2.9. Colony-Forming Units

The colony-forming unit (CFU) was used to estimate the number of viable bacteria. For the estimation of colony-forming units (CFU), BHI-agar plates were used. One coated Ti sample and one bare Ti substrate were placed in a 6-well plate with each containing 5 mL PBS. The 6-well plate was placed in an ultrasonic bath for 10 min in order to loosen the adherent bacteria. The bacterial suspension was transferred into a reaction vessel and diluted with NaCl in a ratio of 1:1000. The bacterial suspension was diluted in triplicate (1:100), whereas four dilutions were conducted on two BHI-agar plates (SPE-Ti and Ti) Both BHI-agar plates were incubated at 37 °C for 24 h. The CFU was quantified by using a germ counter. CFU experiments were conducted in quadruplicate.

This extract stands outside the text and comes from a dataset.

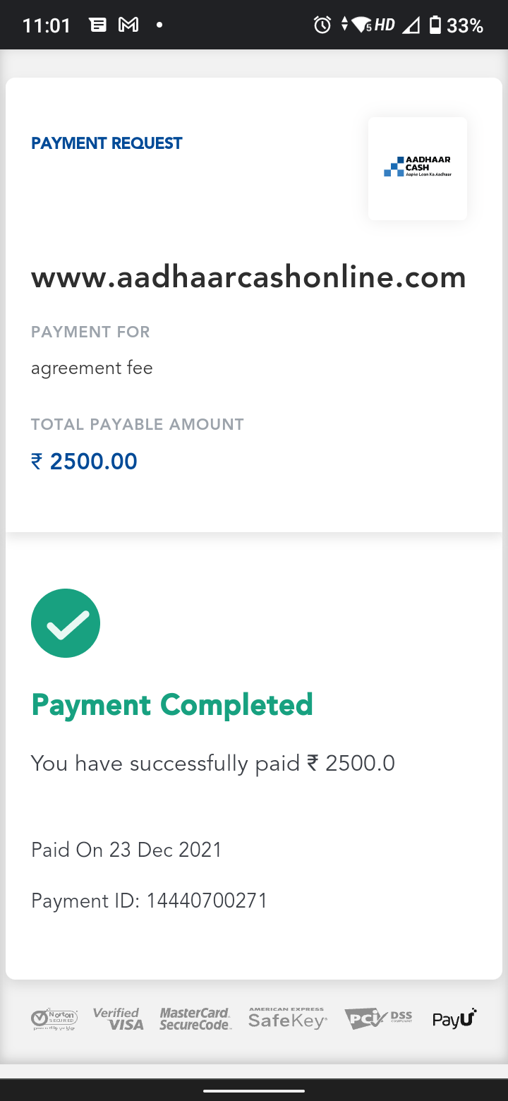 I need money so I search website loan I get link Aadhaar cash. So I submitted require documents and I paid 449 rupees money on date 23/12/2021. And next I received message Congratulation!!! Hi, Name your Loan has been approved, please submit Loan agreement fee.then I pay ₹2500 Take a loan by getting it done.then one more msg for (Hi, Rohit Bora please submit Loan file charge, Ref.no.ACF8547497, to file your loan after that you will get a loan. hurry up! Link https://pmny.in/eI0KlzTLcVkM Team Aadhaar Cash)

2.10. Statistical Analysis

Descriptive statistical analysis was carried out using IBM, SPSS, Statistics version 24.0 for Windows (IBM GmbH, Ehningen, Germany). A paired t-test was conducted to evaluate the statistical differences between the two groups (pSBMA-Ti and Ti). The significance level was set to (p < 0.05).

3. Results

3.1. Examination of the Surface Morphology and Chemical Composition

Table 1 showing the spectrum processing of Ti surfaces a. prior and b. after pSBMA grafting. Visual data of spectrum analysis of Ti surfaces prior and after pSBMA grafting were shown in Figure 2.

3.2. Water Contact Angle Measurements and Wettability

The wettability of coated and bare titanium surfaces is depicted in Figure 3. Native, macro-roughened titanium surfaces exhibit a pronounced hydrophobic character (WCA = 123°), whereas pSBMA coated ones are super-hydrophilic (WCA = 3°).

3.3. FTIR Analysis

Figure 4 shows the FTIR transmission spectra of a pSBMA coated and a titanium sample in the as-received state. Compared to the featureless spectrum of the native surface, the pSBMA coated surface exhibit transmission bands that can be assigned to (1) C=O (1720 cm−1), S=O (1170 and 1090 cm−1), species characteristic to the pSBMA coating as well as (2) physisorbed water (3500 and 1640 cm−1).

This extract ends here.